What if the deal failed, and Verizon had to stay (at least until it found a new buyer)? Verizon spokesman Peter Reilly said the company wouldn’t comment on what would happen in the “hypothetical” case that the sale — which must be approved by three states and the federal government — could fall through, leaving us to put the pieces together on our own. The picture isn’t good.
In Maine, Verizon is already the subject of some complaints to the Public Utilities Commission from rural customers about the unavailability of high-speed Internet (including one titled “Request for commission action to implore Verizon to implement the use of DSL” from 21 business owners and 12 residents in The Forks and West Forks, the central-Maine home to the state’s whitewater-rafting industry).
Verizon has made clear its lack of interest in being in the landline phone and wired-Internet business here. If the sale to FairPoint is blocked, Verizon will have no incentive to maintain its services, wires, or anything else — in fact, neglecting its customers and employees will serve to shift opposition to the sale into support as people insist on getting decent service.
Davies says the PUC has “very broad powers” to force Verizon to provide minimally acceptable telephone service, though that may involve going to court if Verizon is reluctant to do what is required. And those powers don’t address broadband service, which is not regulated by the PUC or state law.
Davies thinks that if Verizon tried harder to market its landline and broadband services — and if the company expanded broadband offerings in Maine — the company could do better here. As it is, “they’ve sort of said over the last couple of years, ‘we’re not going to invest in the state,’” Davies says.
Seeing the light
And while FairPoint talks a great game about how they will bring outdated, slow DSL to rural Mainers who are still stuck on dial-up, they’ll have to spend a lot more than they’re expecting, to do even that.
There is no outside evaluation of the condition of the wires Verizon would transfer to FairPoint (it’s protected as a company secret), but there are people who have a good idea of what they’re like.
McLaughlin, whose union members maintain the lines, estimates that FairPoint should expect to spend “a couple hundred million” dollars just to repair the existing copper wires to a condition where they can handle DSL traffic.

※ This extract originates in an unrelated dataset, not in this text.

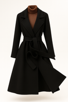 Deze Overjas is volledig handgemaakt van 100% wol, waardoor hij warm, duurzaam en zeer comfortabel draagt. De medium-dikke wol voelt zacht aan en behoudt goed zijn vorm. De jas heeft een slanke pasvorm, een pakkraag en een striksluiting, waardoor het silhouet netjes en vrouwelijk blijft.
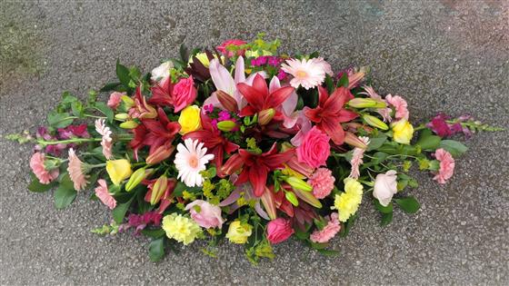 Florists Choice Vibrant Traditional Funeral Spray 1

“Publius,” a pseudonymous Verizon employee who started the VerizonVsFairPoint.com Web site to distribute information about the sale, says FairPoint is dreaming if they think it will be relatively cheap to improve service in northern New England.
“There is absolutely no way” that the installation of the equipment FairPoint is talking about would, on its own, bring broadband to the rural masses, says Publius, who withholds his real name for fear of losing his job.
The wires are in terrible condition, he says, many having been in place for decades and repeatedly spliced back together after wind or trees or car crashes knocked them down. Not all of those splices (of between 1000 and 2000 tiny 22-gauge copper strands in each wire) are perfect, as you might imagine, and there are plenty of places — such as the Concord, New Hampshire, neighborhood discussed in an August 2 Concord Monitor article — where the combination of age and bad connections means that Verizon phone service cuts out whenever it rains.